Italian television presenter (born 1983)

Gabriele Rubini (known professionally as Chef Rubio; born 29 June 1983) is an Italian chef, television presenter and former rugby player.

==Sporting career==
Born in Frascati, he is the brother of professional rugby player Giulio Rubini. Gabriele played rugby from an early age, after making his debut in 2002 for Rugby Roma Olimpic against Parma; he became an athlete of national status, so that the Italian Rugby Federation delayed his transfer to the following season. Between 2003 and 2005 he played for Rome, making a total of 12 appearances in Series A games.
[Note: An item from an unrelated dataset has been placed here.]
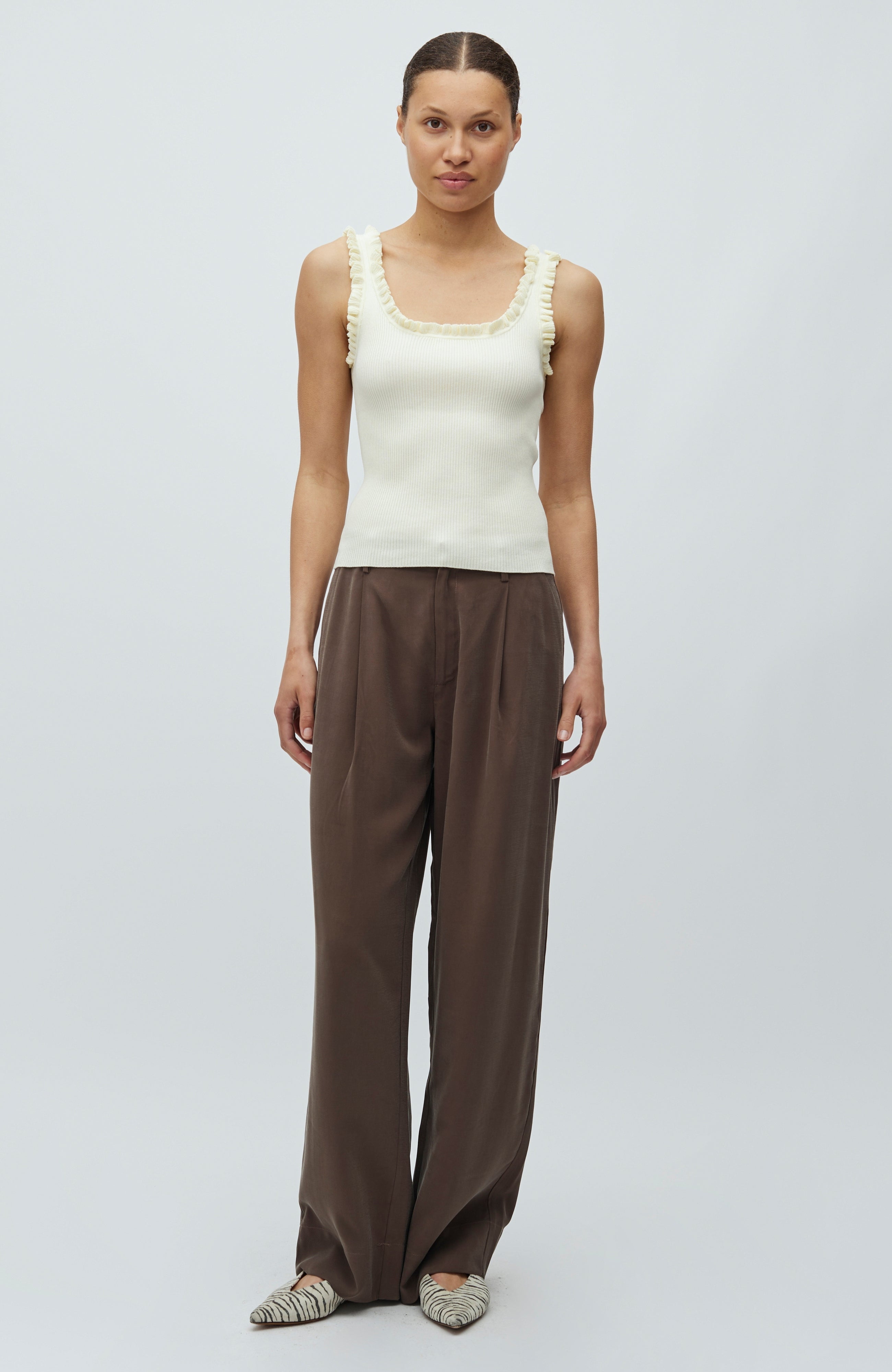 Thin knitted top with ruffles.
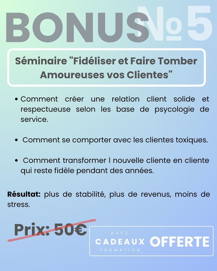 ✔ Apprendre comment gérer chaque cliente pour qu’elle tombe amoureuse de votre travail et devienne fidèle.

At the end of the season he moved to New Zealand, and was recruited by Poneke Rugby Club near Wellington. To earn his living, he began working in a restaurant, and thus developed an interest in culinary arts alongside his passion for rugby.

Returning to Italy in 2007 he played for Rovigo in the Super 10 league, and from 2008, first in Series A, then in Excellence with Lazio until a ligament injury ended his sporting career in 2011.

Meanwhile, he had trained as a chef with an international course from which had graduated in 2010.

He's been a television presenter until 2019, when he abandoned DMAX for personal reasons.

As of March 2024, Rubini is under investigation by the Public Prosecutor's Office of Rome, as suspected of incitement to racial hatred and defamation against Israel.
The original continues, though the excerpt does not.